You can write the Unix pipeline out by hand:

tar -cf - mydir/ | gzip > mydir.tar.gz

The - tells tar to write to stdout instead of a file. Gzip reads from stdin, compresses what it gets, and the shell redirects the result into mydir.tar.gz. Tar doesn't know gzip exists, gzip doesn't know tar exists, and they only meet inside the pipe.

The benefit of this design is that you can swap the compressor without touching the archiver. When bzip2 came along and compressed better than gzip, nothing about tar had to change. Same with xz and zstd. The archive format stayed the same across decades of new compressors.

The z in tar -xzvf (the other letters do unrelated things, which I'll get to in a bit) is a later convenience: at some point tar gained flags for calling the compressor on your behalf. z for gzip, j for bzip2, J for xz. Tar is still shelling out to a separate program, the flag just hides the pipe.

You still see .tar.gz pretty commonly. GitHub generates one on the fly when you click "Source code (tar.gz)" on a release page, every Docker image layer is a compressed tar archive, npm packages are .tgz, Python source distributions are .tar.gz. And gzip on its own (without tar) is even more everywhere. HTTP servers compress responses before sending them, and gzip is one of the options they can use, alongside others like brotli or zstd. This page actually got to your browser compressed with the same gzip from the same 1992 program. No tar in that case, because there's only one file in flight, just the compression half of .tar.gz doing its job on its own.

So, after all, what is a .tar.gz?

After all this context, the answer is a lot less mysterious.

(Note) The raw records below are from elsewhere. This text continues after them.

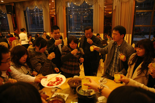 晚餐在咸寧的四星級(jí)酒店祿神大酒店。晚餐非常豐盛,魚肉、蔬菜、水果、甜點(diǎn)等應(yīng)有盡有。這時(shí)大家精神放松,談笑風(fēng)生,不亦樂(lè)乎,情緒與體溫一同上升。咸寧福星城的朱總等盡地主之誼,熱情陪同。而女士們則比午餐多了一些文雅與從容,細(xì)細(xì)品味佳肴。開(kāi)心則胃口大開(kāi),對(duì)女士們來(lái)說(shuō),吃不完的美食、飲不盡的酒水,難道不就是最貼心的節(jié)日犒賞嗎?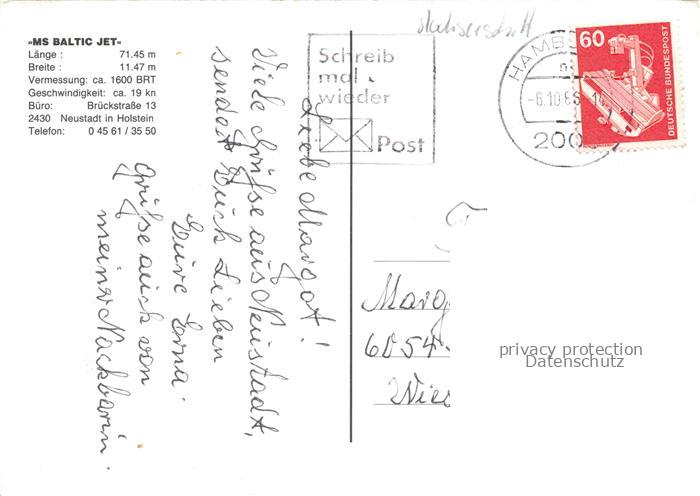 74052123 alte Postkarte Schiffe Ships Navires MS Baltic Jet postalisch gelaufen Erhaltung siehe scans [IrynaD87] KatCode: 22480000000800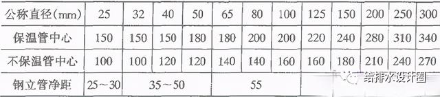 注:(1)钢立管净距指给水、采暖立管外壁与墙、柱的距离。(2)表中管中心与墙、柱的安装距离使用于水平干管的安装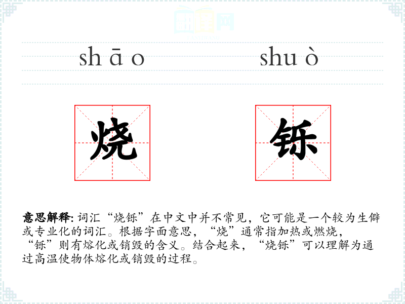 - 词源:“烧”和“铄”都是古代汉语词汇,分别表示加热和熔化。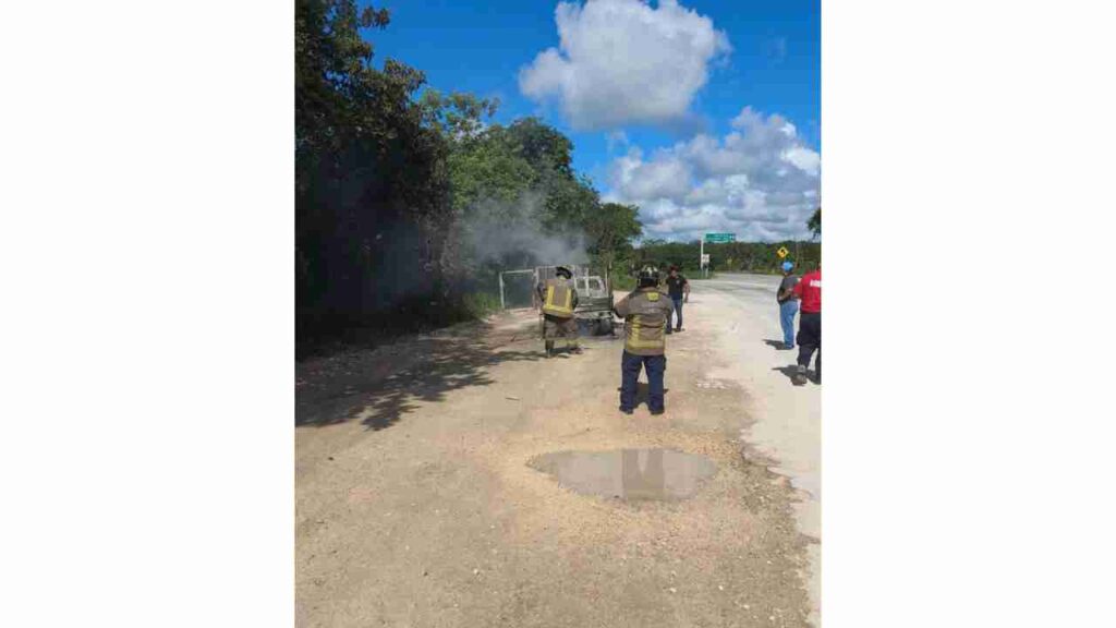 El incendio de una camioneta particular se registró este jueves sobre la autopista Cancún-Mérida, sin que se reportaran personas lesionadas.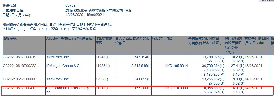 智通财经APP获悉,香港联交所最新资料显示,6月14日,高盛增持唐龙化成(03759)16.52万股,每股作价170港元,总金额为2808.4万港元。增持后最新持股数目约为805.69万股,最新持股比例为6.01%。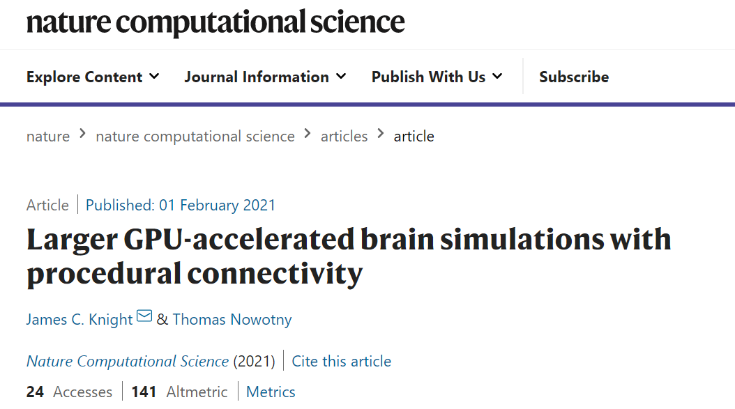 通常来说,这种级别的大脑模拟需要超级计算机来提供强大的内存,但萨塞克斯大学的研究者提出了一种更加高效的技术,可以大幅降低模拟过程中所需存储的数据量。他们的方法被称为「程序性连接(procedural connectivity)」,相关研究发表在 Nature 新子刊——《Nature Computational Science》上。这份子刊于 2021 年 1 月启动,主要发表与计算技术和数学模型开发及使用相关的研究,以及它们在一系列科学学科(包括但不限于生物信息学、化学信息学、地理信息学、计算物理学和宇宙学、材料科学和城市科学)领域的应用。
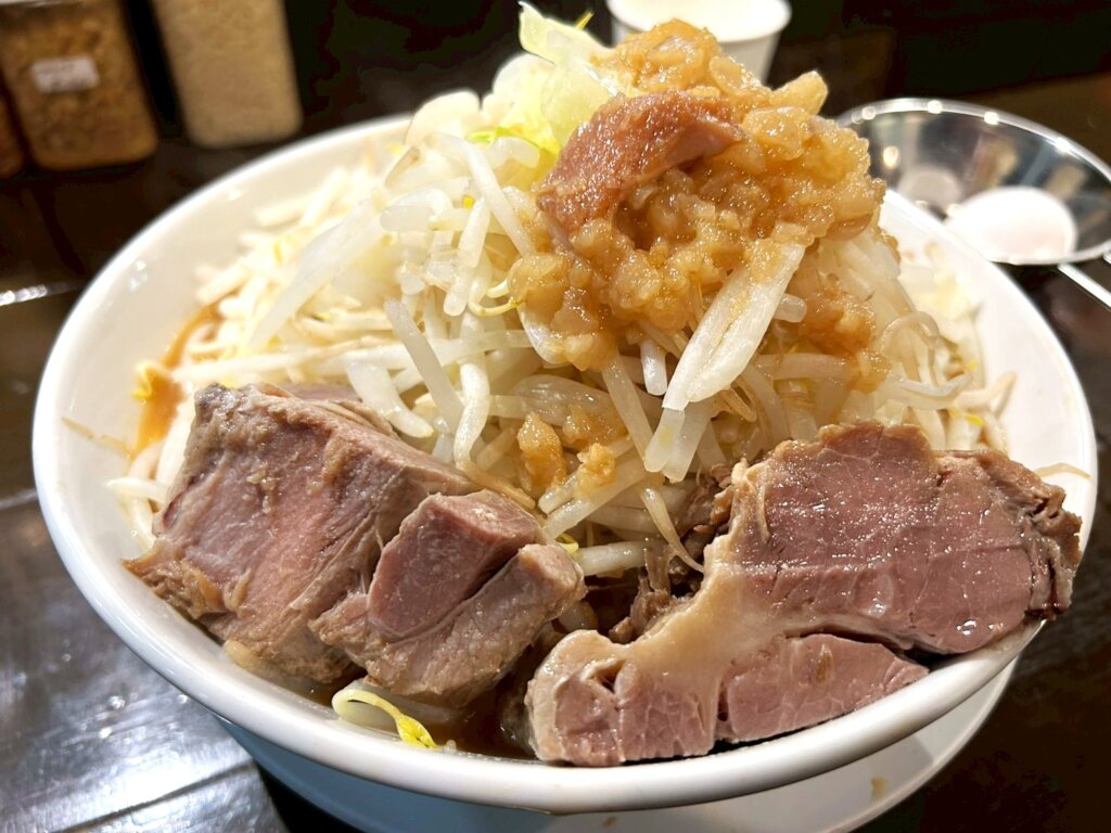 こちらがラーメン野菜あぶらです。背脂とたっぷりの野菜が乗っています。ゴロっとしたチャーシューは柔らかく、口の中でホロホロと溶けていきます。刻みニンニクと黒コショウをトッピングさせていただきました。ワシワシ太麺は食べ応えがあり、濃厚なスープと脂は王道の二郎インスパイアを感じさせてくれます。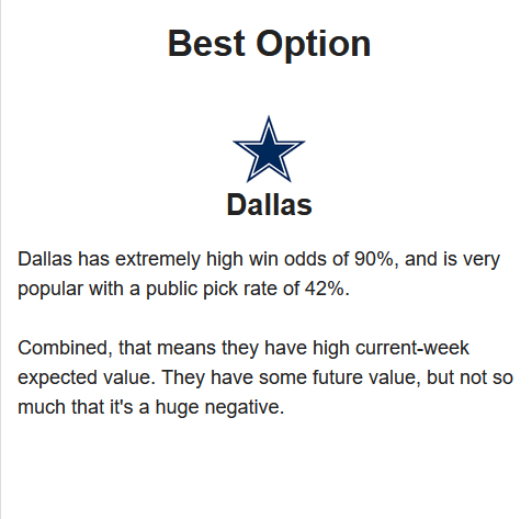 For larger fields, a significant number of people won't have the Cowboys available. In those cases, selecting the Cowboys and hoping for a loss or two from other popular choices is the way to go.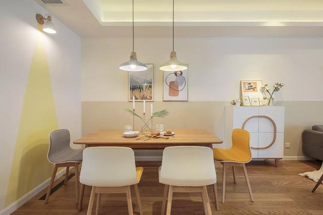 ▲餐廳側(cè)邊的墻面也是加入了一個(gè)三角形的黃色雜色乳膠漆墻面,簡(jiǎn)約有趣的墻面,搭配上清新舒適的餐桌椅布置,置身其中你能感受到滿滿的溫馨與愜意感。
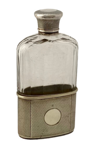 Edwardian Silver Plate & Faceted Glass Hip Flask. Asprey of London, circa 1910.
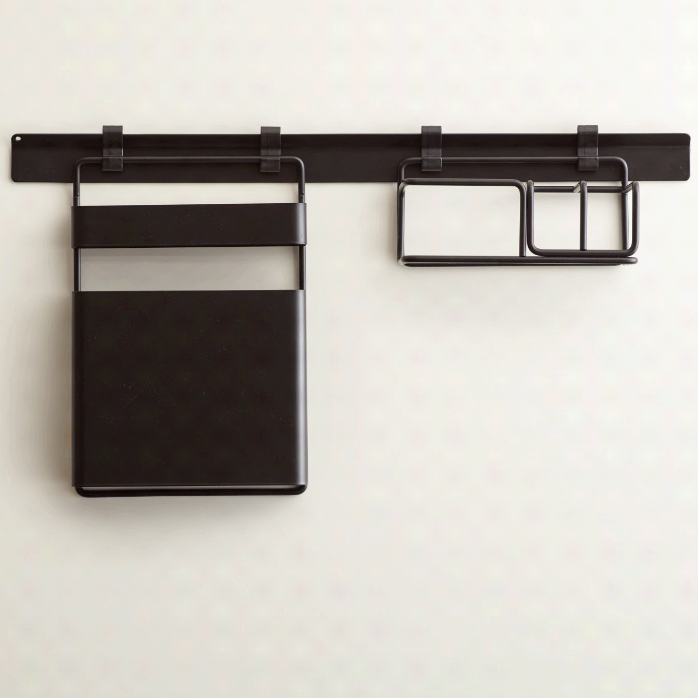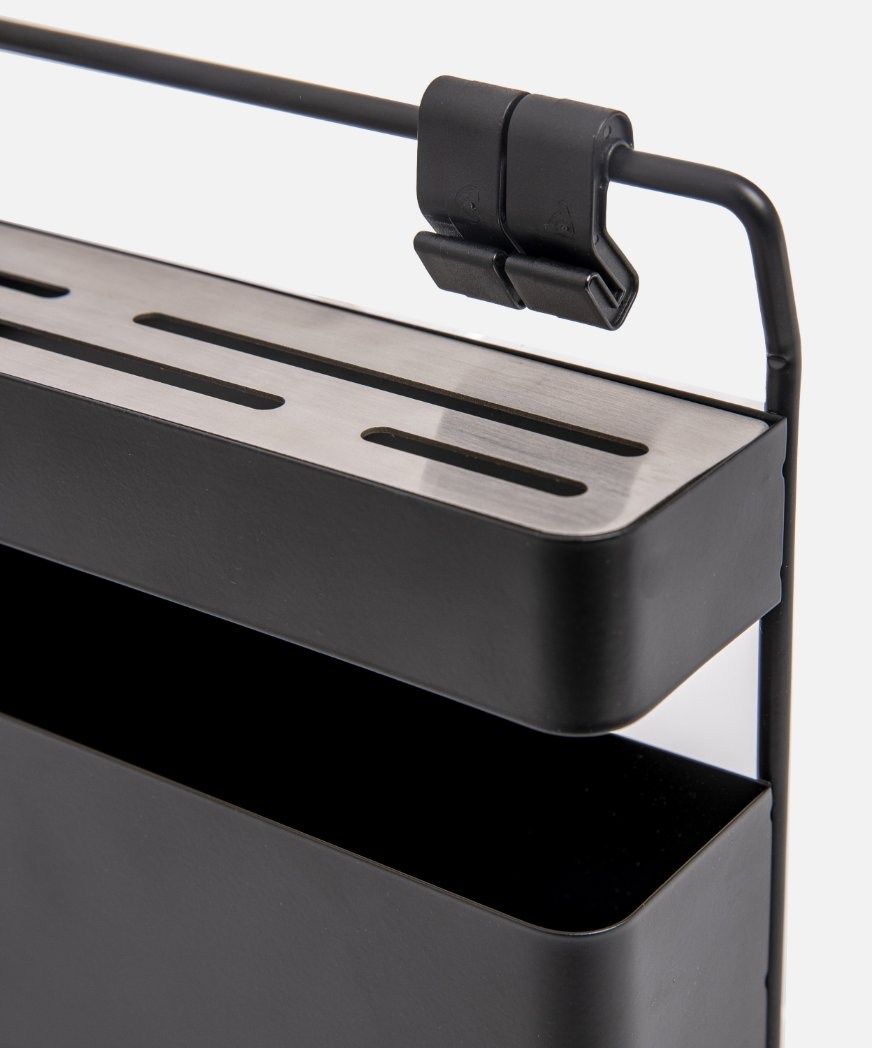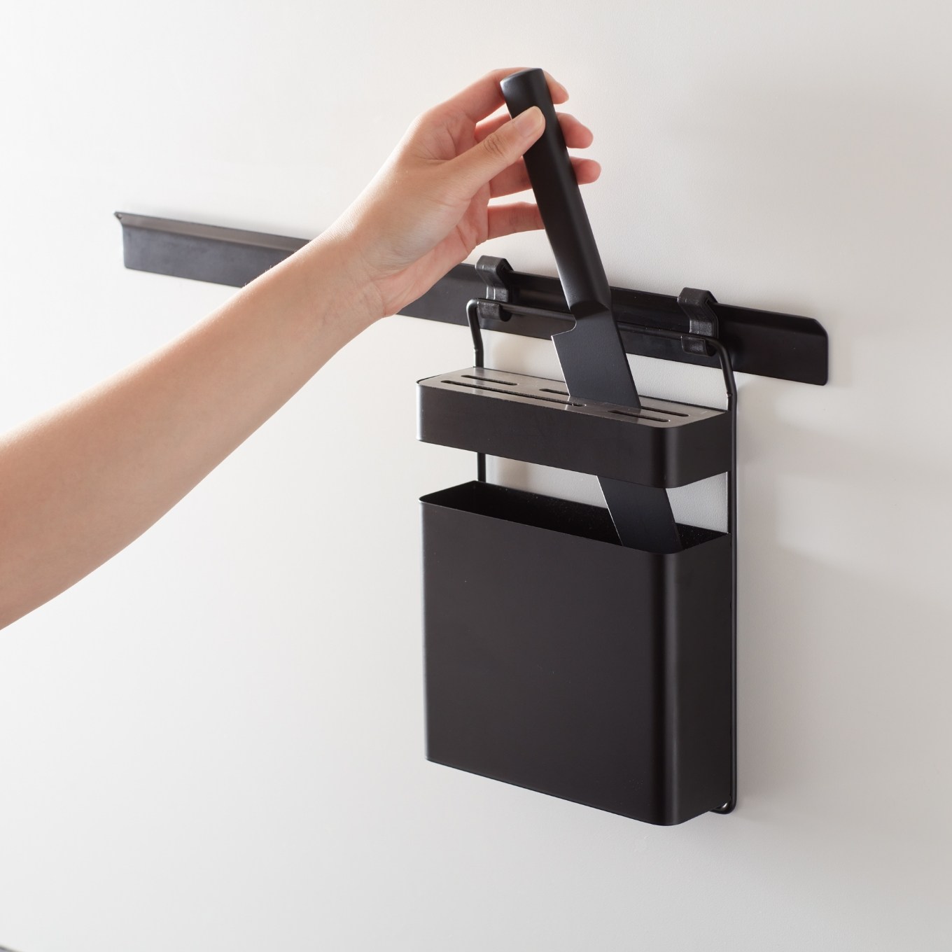 俐落沉穩的墨黑,完美貼合在牆面上,搭配 INK 壁掛掛桿,以模組化的方式,自由組裝、搭配喜愛的壁掛組合,透過簡約線條勾勒美型有序,形塑出屬於家的風格調性。在刀孔處拼接不鏽鋼片,防刮且不易生鏽,具兩種寬度、共計四個刀孔,貼心因應不同刀具尺寸。掛件附 2 個連結掛勾,壁掛掛桿另售。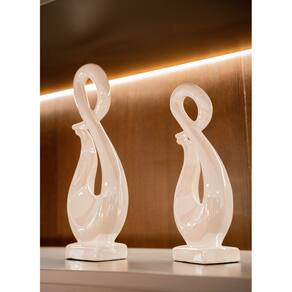 Escultura Em Cerâmica Abstrata Branco Perolado Buzzio's 13x34,5cm -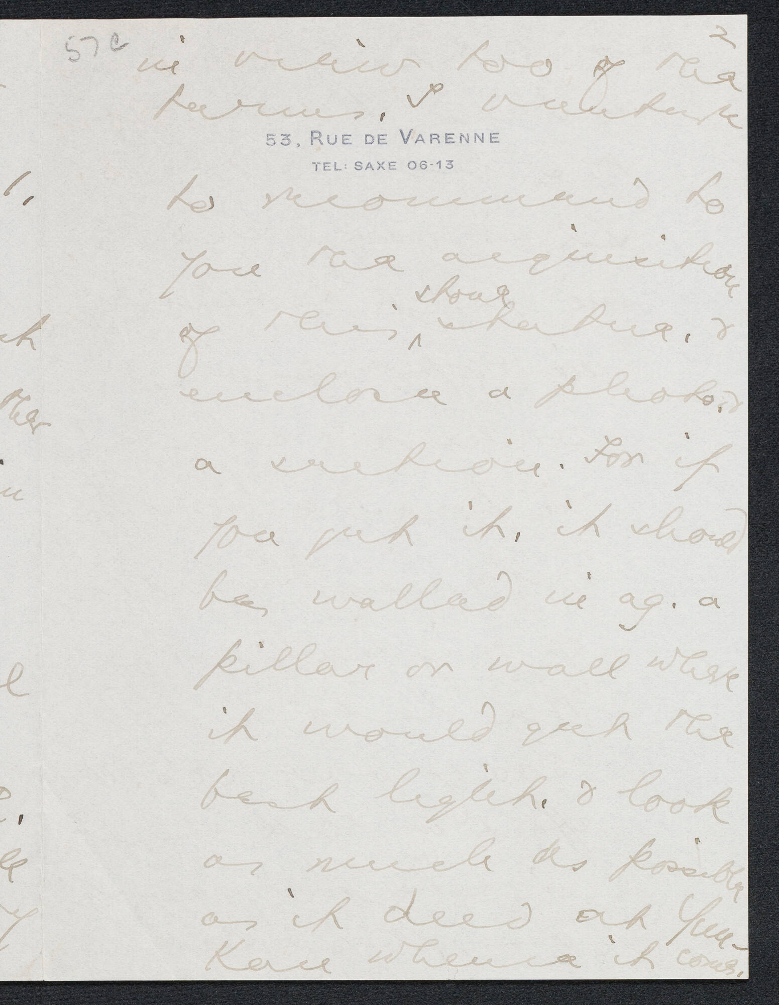 Letter to Isabella Stewart Gardner from 53 Rue de Varenne, Paris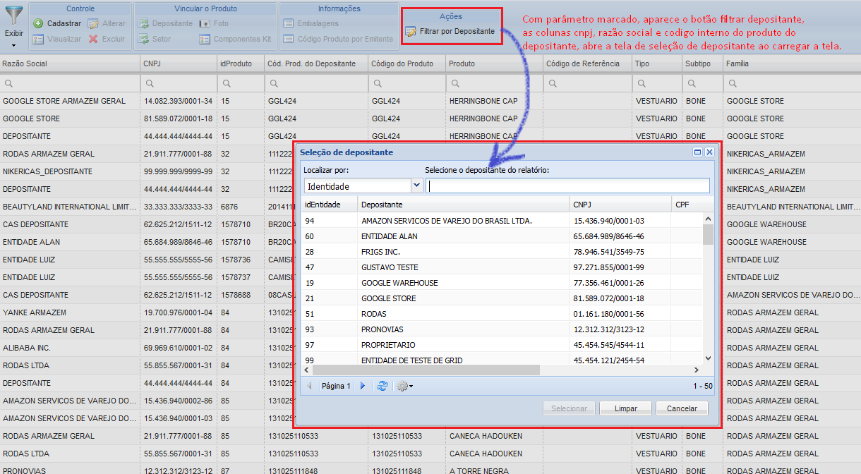 Utilizado para definir quais depositantes e suas particularidades trabalharão com o produto selecionado.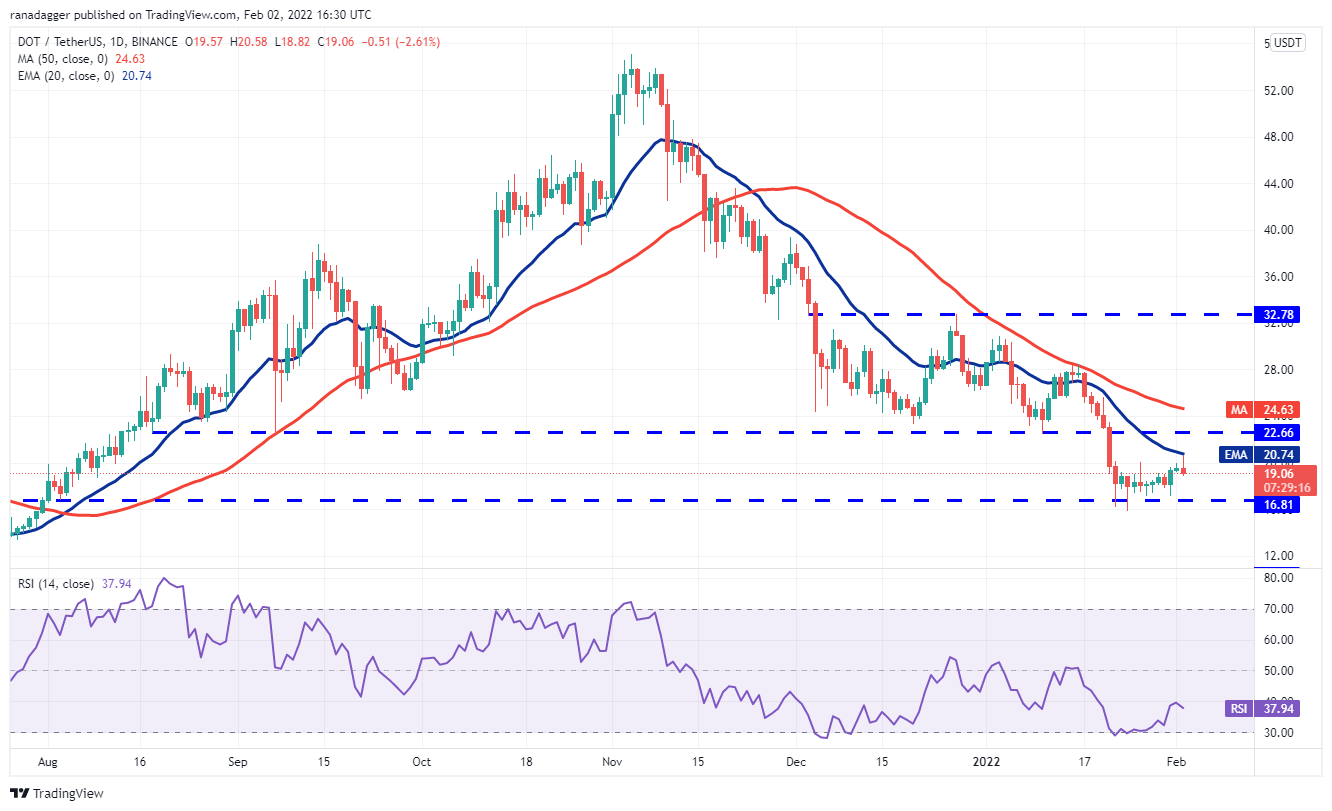 The failure of the bears to pull Polkadot (DOT) below the strong support at $16.81 in the past few days could have attracted buying from the aggressive bulls. This started a relief rally which reached the 20-day EMA ($20.74).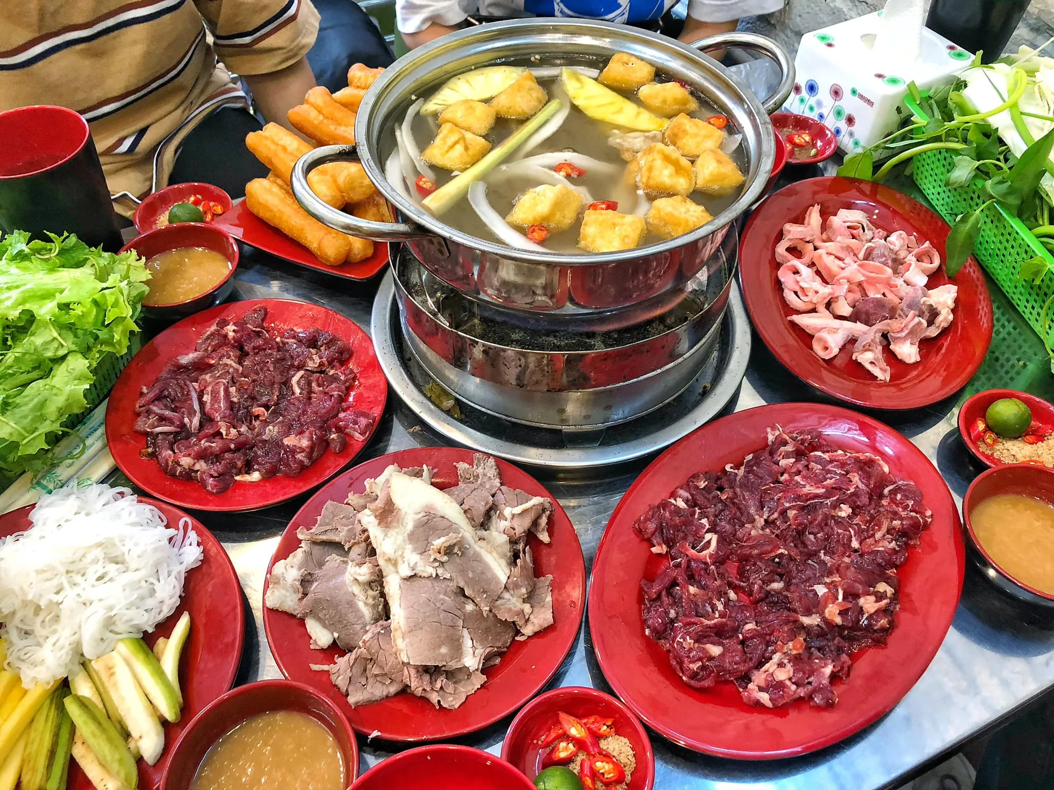 This unique hotpot dish features thinly sliced beef cooked briefly in a tangy vinegar broth, served with fresh herbs, rice paper, and dipping sauces for a deliciously interactive dining experience.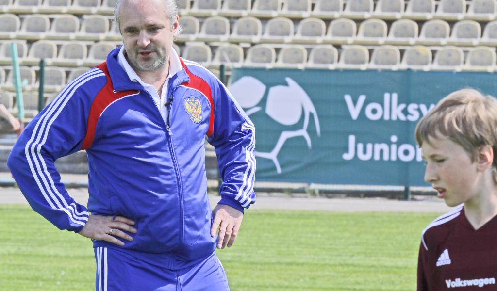 Wallpaper Legendary goalkeeper Igor Shalimov with young footballers

A .tar.gz is a tar archive (a directory flattened into a single stream, in a format originally shaped by magnetic tape) that has then been passed through gzip and compressed with an algorithm called DEFLATE. The format exists in two parts because Unix split bundling and compression into separate tools, so the compressor could be swapped out independently of the archiver.

Appendix: what the flags in tar -xzvf actually mean

I learned tar -xzvf as a single chunk long before I ever read the flags:

• x means extract. The other common one is c for create, which you'd use to make an archive instead of unpacking one.
• z means run it through gzip. For .tar.bz2 you'd use j, for .tar.xz you'd use J.
• v means verbose, so tar prints the name of each file as it processes it. Purely cosmetic, you can drop it.
• f means the next argument is the filename. Without f, tar would try to read from or write to a tape device, which is another sign of where the tool came from. The default destination really is a tape drive.

So tar -xzvf something.tar.gz reads as: extract, decompress with gzip, be verbose, the file is something.tar.gz.